Extrapolation projects diversity estimates beyond the observed sample size, addressing: “How many species would we detect with additional sampling effort?” This is particularly valuable for estimating total community diversity and planning future sampling efforts.
Hill Numbers
The function estimates diversity using Hill numbers, which provide a mathematically unified approach to measuring biodiversity:
- q = 0 (Species Richness): Total number of species, giving equal weight to all species regardless of abundance
- q = 1 (Shannon Diversity): Exponential of Shannon entropy, emphasizing common species
- q = 2 (Simpson Diversity): Inverse of Simpson concentration, focusing on dominant species
This allows to understand how diversity patterns change when rare versus common species are emphasized.

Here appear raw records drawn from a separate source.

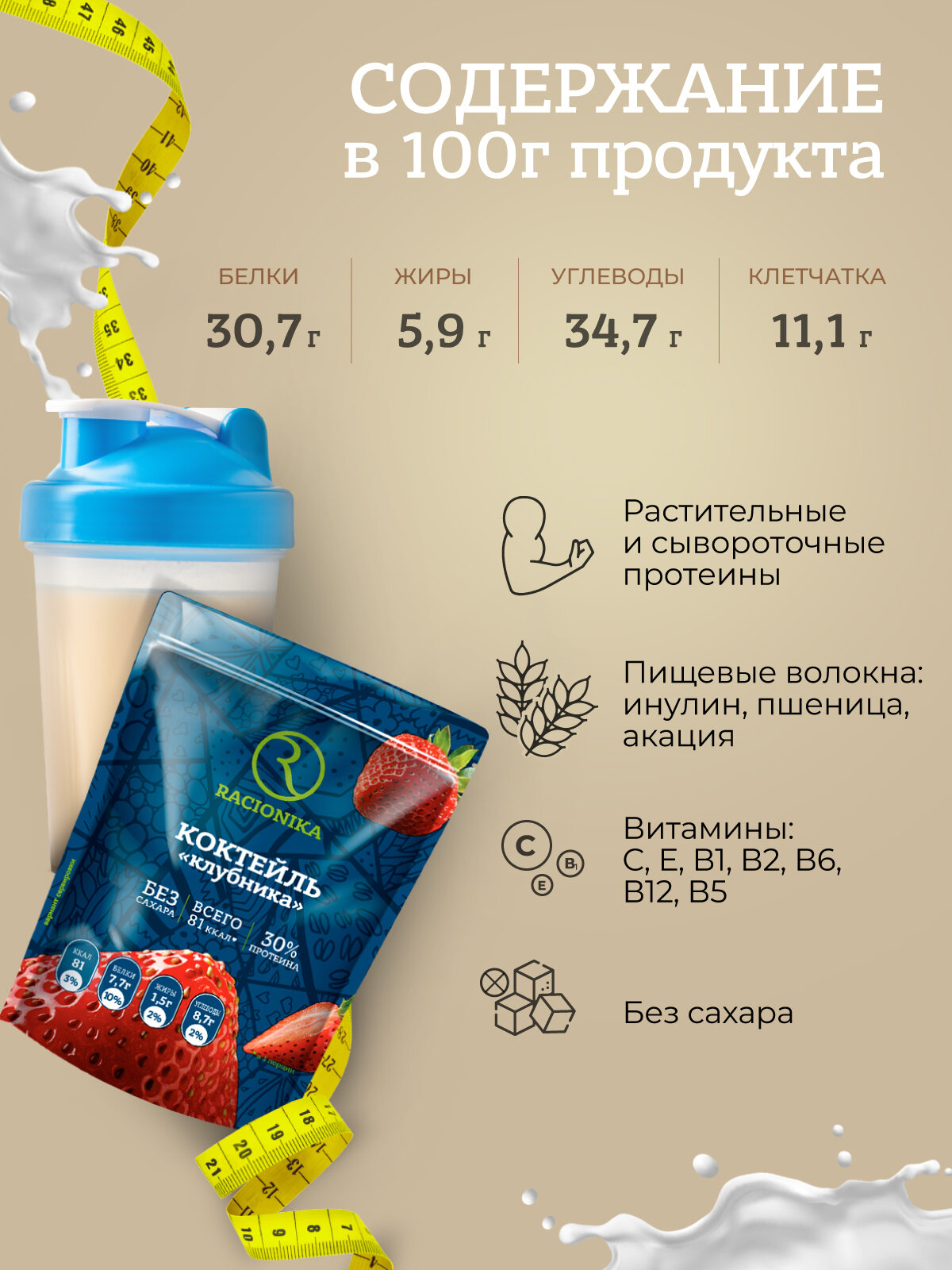 10 цен на Протеиновый коктейль для похудения Protein РАЦИОНИКА, без сахара, Клубника 275 г
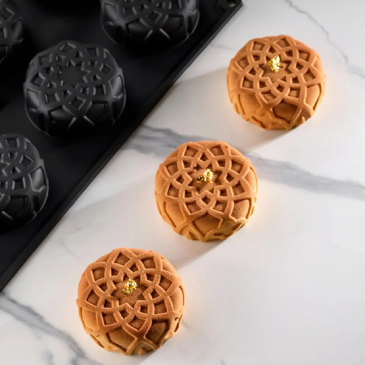 Deze vorm is perfect voor het creëren van elegante gebakjes, mousses, semifreddo of ijsgerechten. De reliëfstructuur maakt hem ook geschikt voor velvet sprays of glazuren, waarbij elk detail zichtbaar blijft.
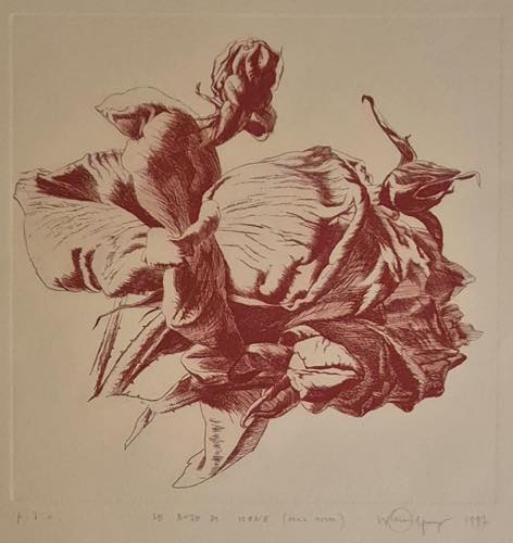 Wolfango (Bologna 1926 - 2017) Le rose di None (serie rossa), 1997. Acquaforte. Esemplare PdA. Titolato, numerato P.d.a. firmato a matita in basso sul margine. Cm. (foglio) 60x50
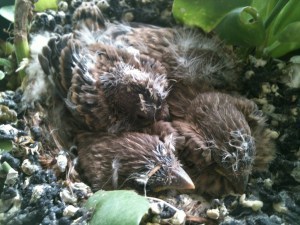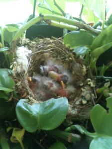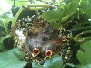6. A family of finches has recently taken residence in a potted plant hanging above my front porch. Okay, maybe that’s not really a random fact about me, but I’m running out of ideas here. If you’ve been following me on Twitter, Facebook or Google Plus, you may have seen me post some pics and videos of a family of baby finches nestled in a little nest built within the confines of a potted plant hanging from my front porch. Here are a few photos of the little velociraptors. Click on the images to enlarge.
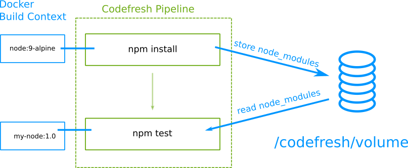 npm installand downloads all libraries innode_modulesinto the shared Codefresh volume. - The second step runs

Application with ct R package
We next describe the main function ct_inext() with its
default arguments.
ct_inext(data, species_column,
site_column, size_column,
strata_column = NULL, diversity_order = 0,
sample_size = NULL, endpoint = NULL,
knots = 40, n_bootstrap = 100)The arguments of this function are briefly described here and can be
further explored using illustrative examples. The function computes
incidence-frequency diversity estimates of order q
(diversity_order = q), along with sample coverage estimates and
related statistics, for K evenly spaced knots (if
knots = K). Each knot corresponds to a standardized number
of sampling units for which diversity estimates are calculated. By
default, endpoint is set to twice the reference sample size
(i.e., twice the total number of sampling units). For example, if
endpoint = 10 and knots = 4, diversity
estimates will be computed for a sequence of sample sizes
(1, 4, 7, 10). If strata_column is provided,
the function repeats this process separately for each stratum, allowing
comparisons among groups (e.g., habitats or treatments). Bootstrap
resampling is performed n_bootstrap times to obtain
standard errors and 95% confidence intervals for diversity and coverage
estimates.
Workflow Example
Let’s walk through a complete analysis using camera trap data from
the ct package:
Data Preparation
library(ct)
library(dplyr)
# Import and prepare camera trap data
camdata1 <- read.csv(ct:::table_files()[1]) %>%
dplyr::mutate(site = "pene") %>%
# Remove consecutive detections of the same species within 60 seconds
ct_independence(species_column = species,
site_column = camera,
datetime = datetimes,
threshold = 60,
format = "%Y-%m-%d %H:%M:%S"
)
head(camdata1)
#> # A tibble: 6 × 18
#> project camera species image_name number Make Model FOV dates times
#> <chr> <chr> <chr> <chr> <int> <chr> <chr> <dbl> <chr> <chr>
#> 1 Last CAMERA 1 Canis adustus DSCF0017.… 1 Gard… A3S 47.4 3/24… 22:0…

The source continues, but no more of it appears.